La dépréciation de la lire turque face au dirham pénalise le textile marocain

PERTE DE COMPÉTITIVITÉ REDOUTÉE

Les baisses successives de la lire turque sur le marché des changes font craindre une nouvelle perte de compétitivité du secteur textile marocain face à la forte concurrence turque.

En un an, la lire turque a perdu 25% de sa valeur face au dirham. S’il y en a qui peuvent pâtir de ce changement, ce sont bien les opérateurs du textile marocain, qui souffrent de la forte concurrence de leurs homologues turcs.

Selon Karim Tazi, ex-président de l’AMITH, «la Turquie a toujours eu une panoplie d’outils pour soutenir la compétitivité de ses exportateurs et parmi ces moyens, il y a la dévaluation de la lire turque». Même si cette dépréciation intervient dans le cadre des fluctuations de l’offre et de la demande des devises, mais elle est assumée, dans une certaine mesure par le gouvernement.

Il rappelle qu’à chaque fois que le cours de la lire baisse, le coût du produit turc devient plus compétitif et grignote des parts de marché aux opérateurs marocains du textile, que ce soit sur le marché local ou vis-à-vis des donneurs d’ordre internationaux.

Il ajoute que «si les intrants dans cette filière sont souvent achetés en dollar, leurs coûts est compris entre 20% et 50% du coût total du produit et donc l’effet de la dévaluation reste tout de même important». Rappelons que l’accord de libre-échange entre le Maroc et la Turquie avait pour objectif de limiter le déficit commercial qui ne cessait de se creuser.
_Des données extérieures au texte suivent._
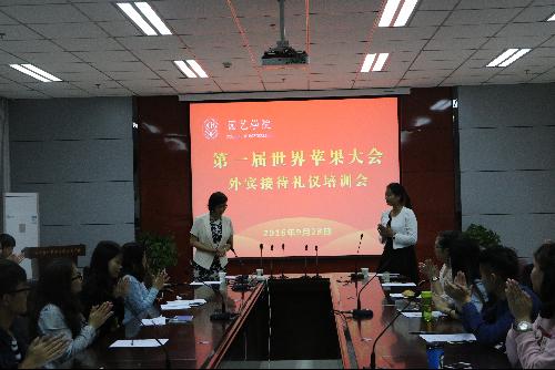 苹果科学领域的学术盛会——第一届世界苹果大会,在中国农业部和陕西省人民政府的大力支持下,将于2016年10月10日至16日在陕西举办,由国际园艺学会、中国园艺学会和中国工程院主办,由公司及其他相关单位承办。为了确保本次会议的顺利进行,同时展现公司学子良好的精神面貌,近日,公司面向全校进行了第一届世界苹果大会志愿者选拔及培训等工作。
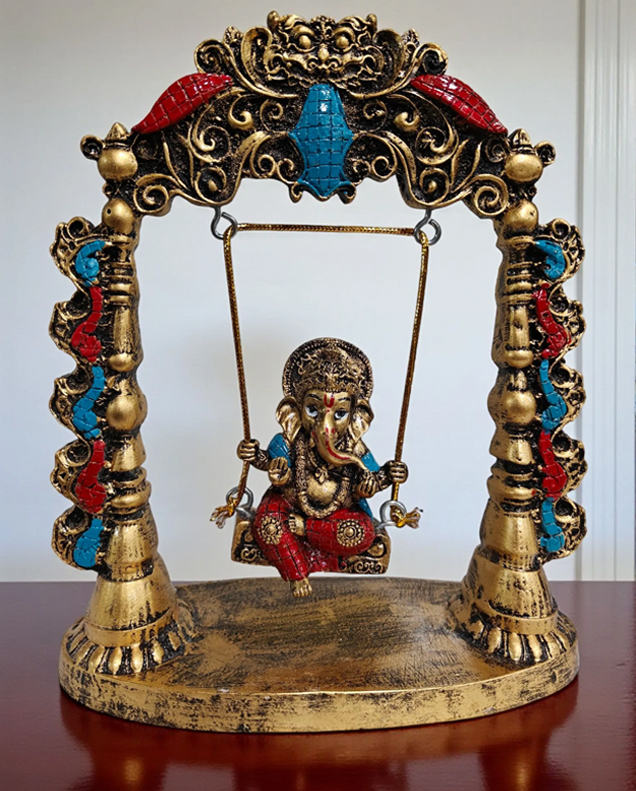 Multicolor Fiber Poly Resin Premium Ganesha Idol
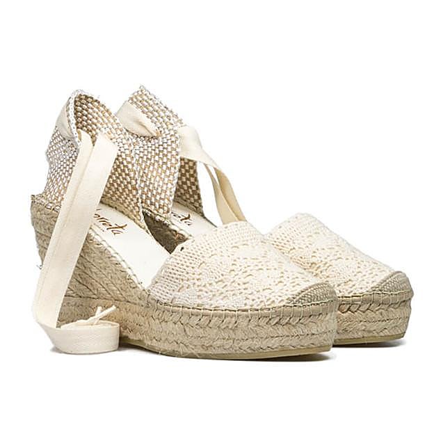 Son unas alpargatas de cuña en color blanco confeccionadas en tejido de ganchillo de algodón con cintas al tono para atar al tobillo. Tienen también una puntera reforzada, que asegura la calidad y durabilidad del modelo y su cuña está fabricada en yute natural.

Or, ces nouvelles baisses du cours de la lire peuvent contribuer à rétablir la compétitivité des produits turcs.

Certes, les droits de douane qui ont été rétablis sur une large liste de produits à l’occasion de l’amendement de l’accord de libre- échange ont permis de limiter les effets de cette baisse. Néanmoins, suite aux effets de la crise sanitaire, les importations n’en finissent pas de baisser et ne sont pas prêtes à reprendre.

Par ailleurs, pour les produits et services qui ne sont pas exposés à une pression concurrentielle forte (exemple du tourisme et de la santé), les exportateurs turcs préfèrent garder leurs prix en dollar inchangés et donc élargir leurs marges commerciales.